Embedded WSNs car anti-theft system

introduction

Wireless sensor networks (WirelessSensorNetworks) is a combination of communication technology, computer technology, sensor technology and network technology. The wireless sensor network is composed of a large number of randomly distributed sensor nodes with real-time perception and self-organization capabilities. It has the advantages of high monitoring accuracy, good fault tolerance and wide coverage area brought by distributed processing. It is used in environmental monitoring and consumption.

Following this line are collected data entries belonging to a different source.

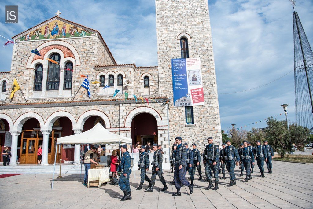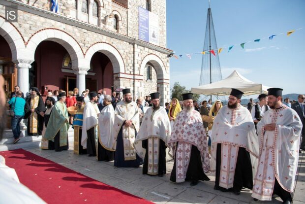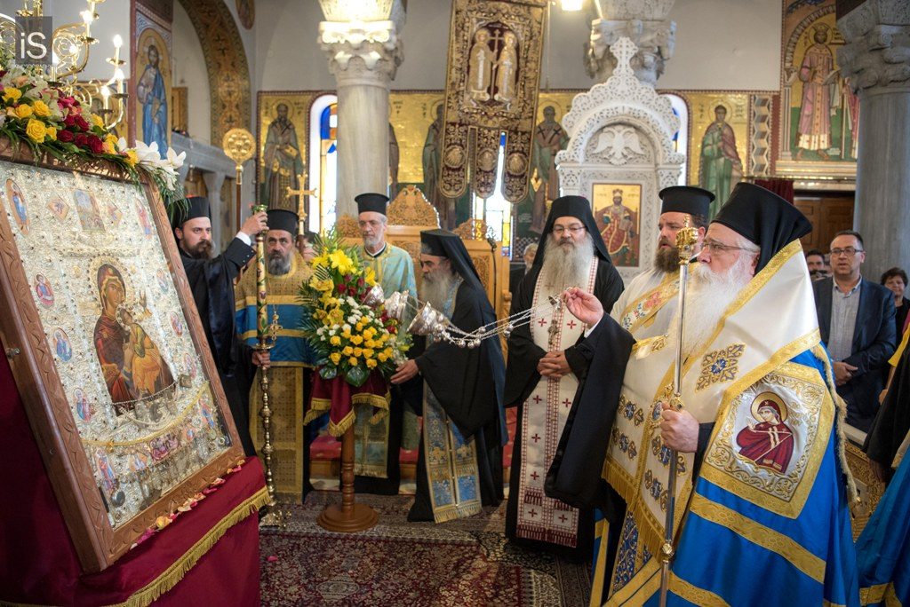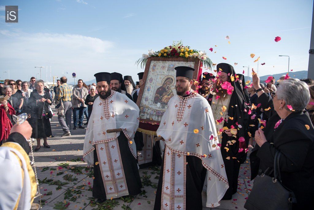 Πρόκειται για την ιερά και θαυματουργή Εικόνα της Παναγίας Φοβεράς Προστασίας, που φυλάσσεται στην Ιερά Μονή Κουτλουμουσίου Αγίου Όρους και εκόμισε στην πόλη μας ο Ιερομόναχος Φιλόθεος Κουτλουμουσιανός. Η Ιερά Εικόνα αφίχθη διά θαλάσσης στον Ναό, όπου την υποδέχθηκε επισήμως ο Σεβ. Ποιμενάρχης μας κ. Ιγνάτιος, επικεφαλής του ιερού Κλήρου, των Αρχών και του ευσεβούς λαού.
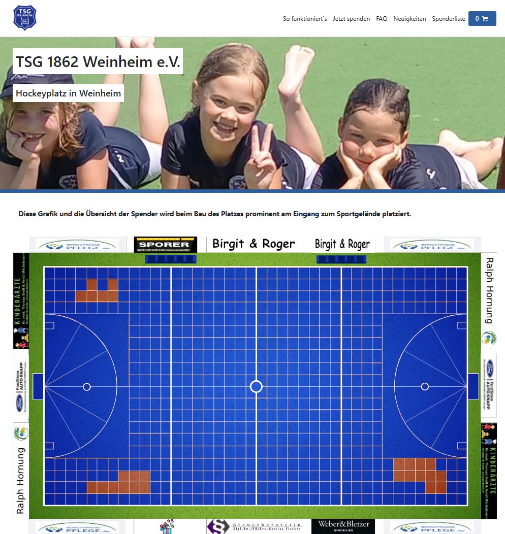 Jetzt live auf der neuen Website hockey-weinheim.platzvermarktung.de können Sie eine Parzelle eines virtuellen Spielfelds auswählen und symbolisch für Spendensummen ab 100 € die Patenschaft übernehmen.
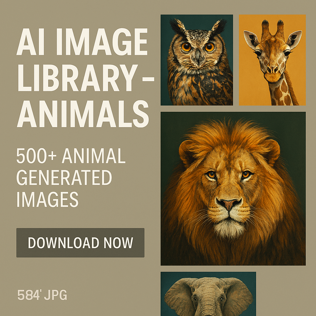 A curated collection of AI-generated animal images designed for creators, educators, and digital entrepreneurs.
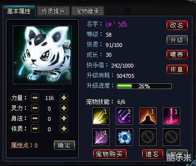 这个资质,在旧版中,就是决定一个宠物是否牛X的必备条件,也就是说,只要是资质够高,宠物就绝对牛X,资质越高,每一点的属性加成也会也高,就像我的这个宠物,116点的力量,可以增加422的攻击力,也就是说,平均没一点可以增加3.6的攻击。但是改版以后,我个人认为,资质只要到91就够了,这个是一个分水岭,90的资质是蓝色宠物,只能学4个技能,但是只要资质增加1点到了91,就可以学6个技能了,这个就是紫色宠物目前最让人喜爱的地方,估计以后还有橙色的宠物,可以学到8个技能,不过这个不知是多久之后才会出现了。
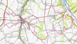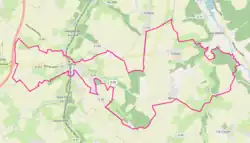 - ↑ Les ruisseaux intermittents sont représentés en traits pointillés.
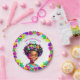 Jolie petite fille de couleur avec des fleurs jaunes, violettes et roses dans ses cheveux. Ajoutez un nom dans la zone personnalisée. Plaques de papier fête d'anniversaire.
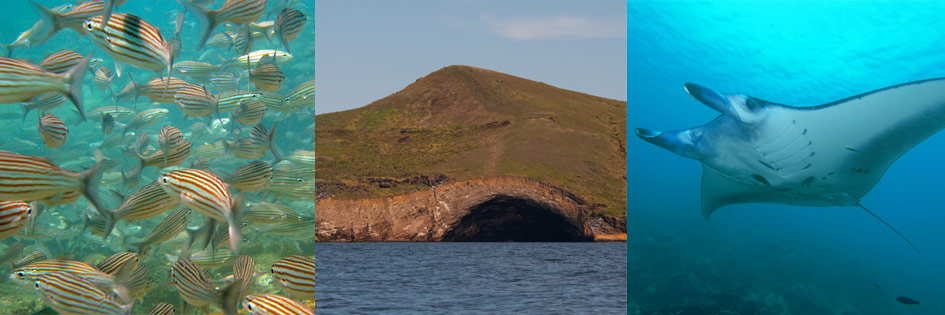 Sharks, tropical fish, turtles, manta rays (occ.), hammerhead sharks, spectacular rock formations; sea birds: blue- footed boobies, Nazca boobies & frigate birds. |

It has broad application prospects in many fields such as quasi-electronics, military reconnaissance, and traffic management, and is one of the hotspots of recent international research.

1. System design

The basic unit of the wireless sensor network is an embedded node with information collection and communication functions, so the design of the wireless sensor network is also the design of the node. In this paper, according to the functional requirements of the wireless sensor network, according to the idea of ​​the embedded system genre, each functional module component is selected. The hardware structure of the embedded wireless sensor network node is designed by focusing on the cost performance and scalability of the node. According to functional requirements, each independent function is modularized, and the hardware architecture of the node is shown in Figure 1.

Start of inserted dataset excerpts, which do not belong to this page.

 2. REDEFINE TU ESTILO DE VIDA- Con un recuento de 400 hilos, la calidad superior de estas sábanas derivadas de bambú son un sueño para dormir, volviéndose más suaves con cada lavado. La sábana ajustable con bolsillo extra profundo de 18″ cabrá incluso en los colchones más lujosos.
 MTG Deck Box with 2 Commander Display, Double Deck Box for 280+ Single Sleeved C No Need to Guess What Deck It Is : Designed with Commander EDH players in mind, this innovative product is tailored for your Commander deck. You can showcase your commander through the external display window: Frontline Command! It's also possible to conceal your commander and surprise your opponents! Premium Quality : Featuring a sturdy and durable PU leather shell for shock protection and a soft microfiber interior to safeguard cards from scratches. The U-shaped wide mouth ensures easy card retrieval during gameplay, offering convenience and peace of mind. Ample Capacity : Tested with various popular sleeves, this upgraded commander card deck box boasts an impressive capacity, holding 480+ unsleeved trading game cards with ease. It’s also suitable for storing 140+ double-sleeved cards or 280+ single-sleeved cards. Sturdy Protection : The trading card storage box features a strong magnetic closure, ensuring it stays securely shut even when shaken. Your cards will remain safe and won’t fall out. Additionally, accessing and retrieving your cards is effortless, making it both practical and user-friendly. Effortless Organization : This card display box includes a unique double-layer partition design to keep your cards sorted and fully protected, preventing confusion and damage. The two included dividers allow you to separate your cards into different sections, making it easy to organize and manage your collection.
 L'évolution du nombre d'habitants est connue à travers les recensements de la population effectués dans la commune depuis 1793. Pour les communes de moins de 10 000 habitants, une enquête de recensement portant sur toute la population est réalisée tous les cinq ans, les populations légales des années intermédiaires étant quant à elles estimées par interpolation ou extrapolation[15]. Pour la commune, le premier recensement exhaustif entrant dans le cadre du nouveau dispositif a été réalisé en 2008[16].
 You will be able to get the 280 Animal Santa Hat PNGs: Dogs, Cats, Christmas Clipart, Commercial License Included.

This article integrates the hardware platform factors, and the system software uses the embedded real-time operating system FreeRTOS. Since the cluster head node needs to have GPRS data transmission function, it is also very important to have TCP / IP protocol stack in the software system. This article selects the embedded real-time operating system FreeRTOS publicly released on the well-known open source website SourceForge as the basis of the system software system design, and selects uIP that has been ported to FreeRTOS as the system TCP / IP protocol stack. In the design of the node networking module, this paper transplants software that conforms to the ZigBee specification, thus providing a basis for the development of application layer programs such as node networking and routing. Figure 2 shows the software architecture of the system.

2 Wireless sensor network node hardware design

21ARM processor module communication circuit design

In the process of data transmission using GPRS module, in order to facilitate system testing, this article uses the one-wire two-wire serial port DBGCOM provided by AT91SAM7S256 to display the data sent by the CPU to the GPRS module, and the remaining USARTO to display the data sent by the GPRS module to the CPU. It realizes the monitoring and analysis of the sent and received data, and provides a good interface for the debugging of the system functions.

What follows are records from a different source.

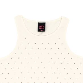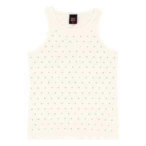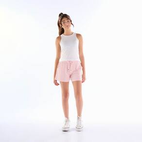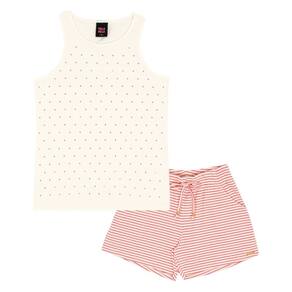 Conjunto ideal para apostar aos dias de calor! Composto por blusa cotton leve modelo regata na cor off white com aplique metalizado frontal e short malha trabalhada fio tinto listrado coral com bolsos funcionais e detalhe decorativo de cordão com ponteira de metal.
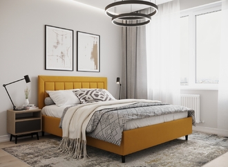 Стежка помещена в центр изголовья и обрамлена, словно картина. Объемные царги становятся гармоничным дополнением образа и завершают цельную фигуру кровати.
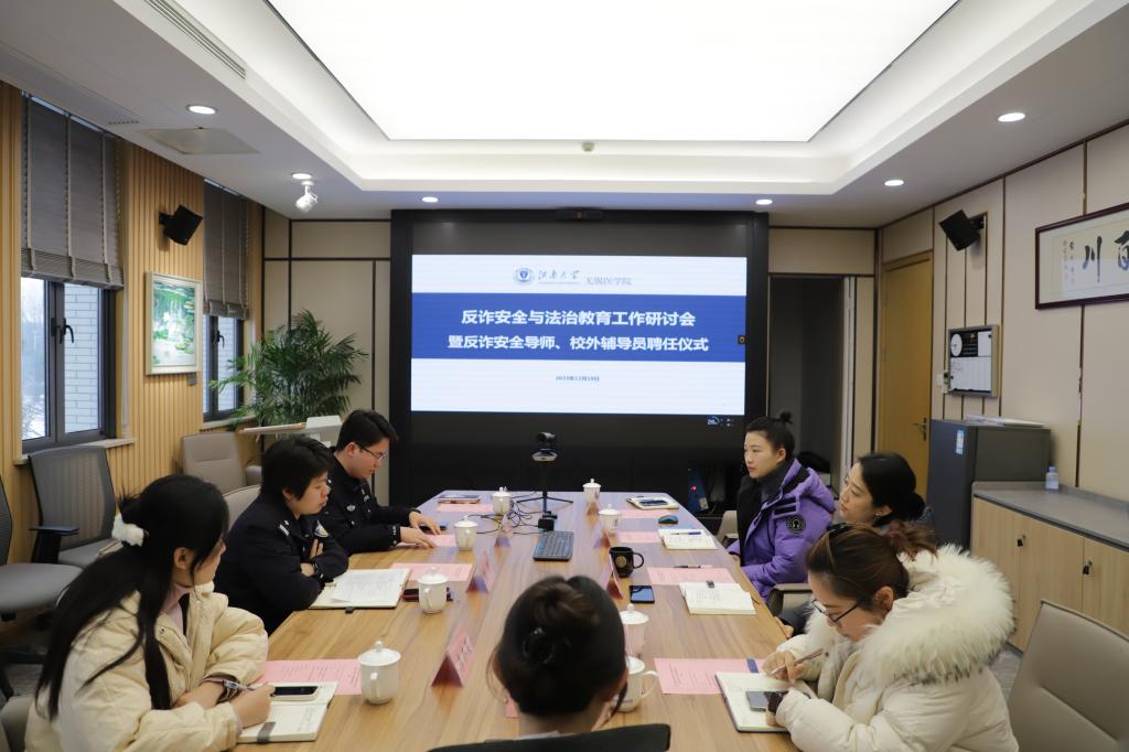 董蕾和杨恺结合高校易发的典型案例、常见形式、诈骗种类和特点,讲解了不法分子常见的电信诈骗手段和惯用伎俩,说明了防范诈骗及次生危害的必要性和重要性。董蕾请全体辅导员面向学生建立宣传到位便捷高效的诈骗信息反馈渠道,进一步织密校园反诈网。董蕾与杨恺同全体辅导员交流反诈及法制教育心得。
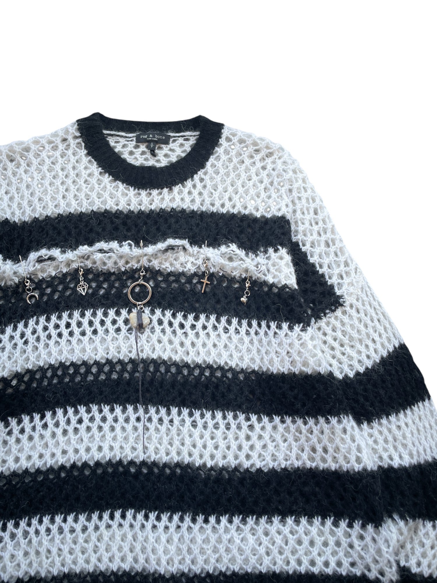 手作りのチャームは砂浜に流れ着いた材料を使っています、服と共に進んでいく経年劣化をお楽しみください。
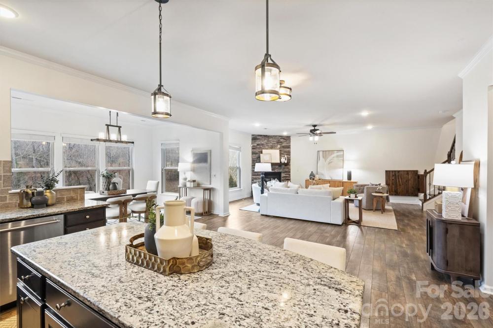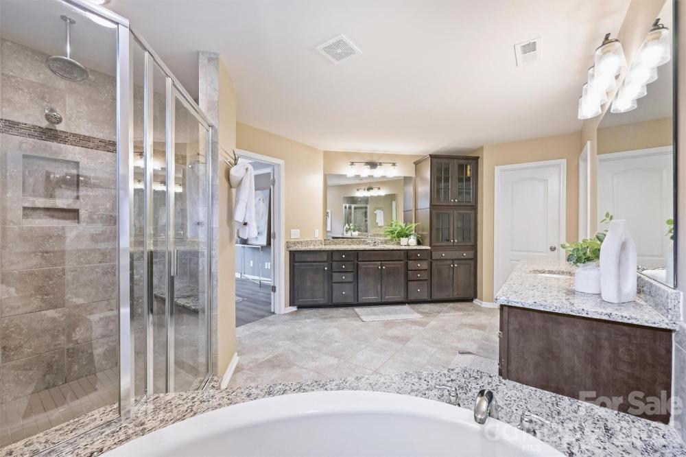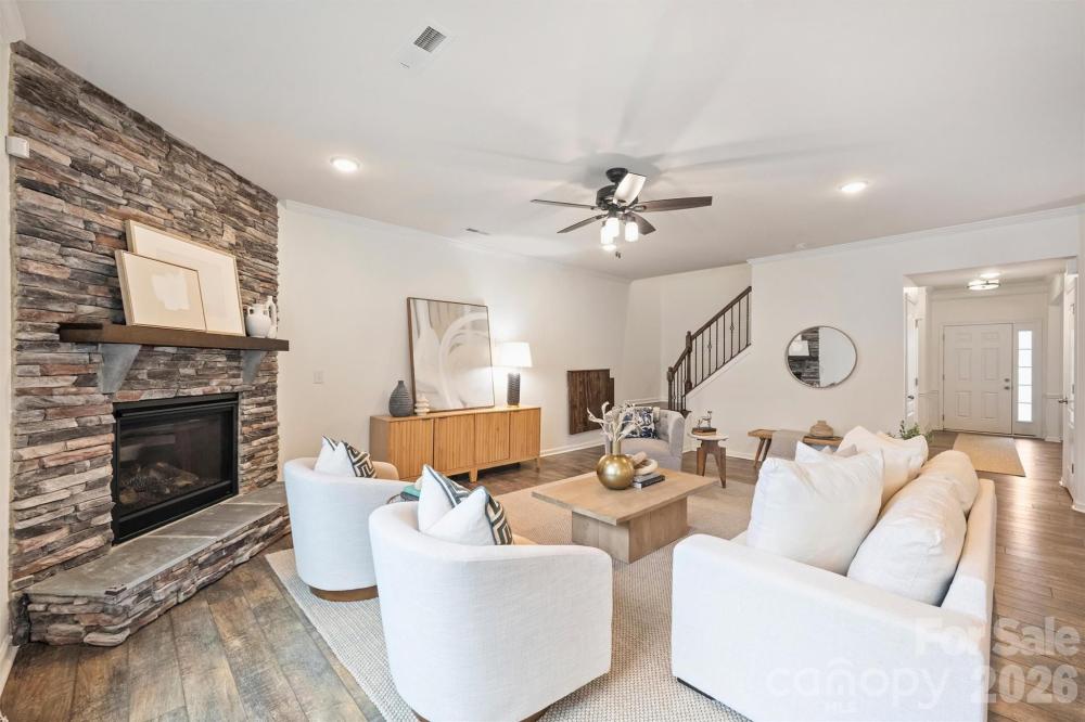 RARE FINISHED BASEMENT WITH EXPANSIVE REC ROOM, EXERCISE ROOM, AND GUEST SUITE! This beautifully maintained home in sought-after Chapel Cove offers over 4,300 square feet of thoughtfully finished space, including a basement level designed for the way today’s buyers want to live and entertain. The spacious rec room easily accommodates a full sitting area with TV plus a pool table, ping pong table, or game space — with room to spare for an arcade game, built-in bar, or future kitchenette. Just off the rec room, a dedicated exercise room easily fits weights and multiple machines such as a treadmill, elliptical, or stair climber. The lower level also includes a private bedroom and full bath, creating the perfect setup for guests, extended family, an au pair, or a comfortable in-law suite. Storage is abundant throughout the home. The garage features a tandem storage bay, ideal for extra storage or a golf cart to explore the neighborhood, while the basement includes a large additional storage room. On the main level, attention to detail continues with hardwood floors throughout, a dedicated office with glass doors, and elegant tray ceilings in the dining room. Designed for everyday living and effortless entertaining, the chef’s kitchen features a large gathering island, butler’s pantry, and seamless flow into the light-filled family room anchored by a gas log fireplace. A sunroom just off the kitchen provides flexible space for casual dining or relaxing, while the mudroom with a built-in computer niche helps keep daily life organized. Upstairs, every bedroom includes a walk-in closet, including dual closets in the spacious primary suite. A versatile loft at the top of the stairs offers endless possibilities — a second office, playroom, den, or media space. Outdoor living is equally inviting. Enjoy sunrise mornings on the rocking chair front porch and unwind at sunset overlooking the wooded backdrop from the back deck beneath the retractable awning. The fully fenced backyard features an expanded paver patio and added stairs for easy access from deck to yard. Located in highly desirable Chapel Cove, residents enjoy resort-style amenities including a clubhouse, pool, pickleball and tennis courts, sport court, playground, walking trails, fitness center, and paddlesport launch area — plus convenient access to Lake Wylie with nearby dry and wet dock storage, all while maintaining an easy commute to Uptown Charlotte. Homes rarely offer this level of finished space, flexibility, and amenities — creating a unique opportunity for buyers who want room to live, entertain, and relax without compromise.

2.2 Clock circuit design of ARM processor

AT91SAM7S series microcontroller system clock is provided by the clock generator, which includes a phase-locked loop (PLL), a main oscillator, and an RC oscillator. The clock generator provides the following clock for the system: SLCK slow clock. Provided by the RC oscillator, it is the only constant clock in the power management system. MAINCK main oscillator output clock. PLLCK frequency divider and PLL output.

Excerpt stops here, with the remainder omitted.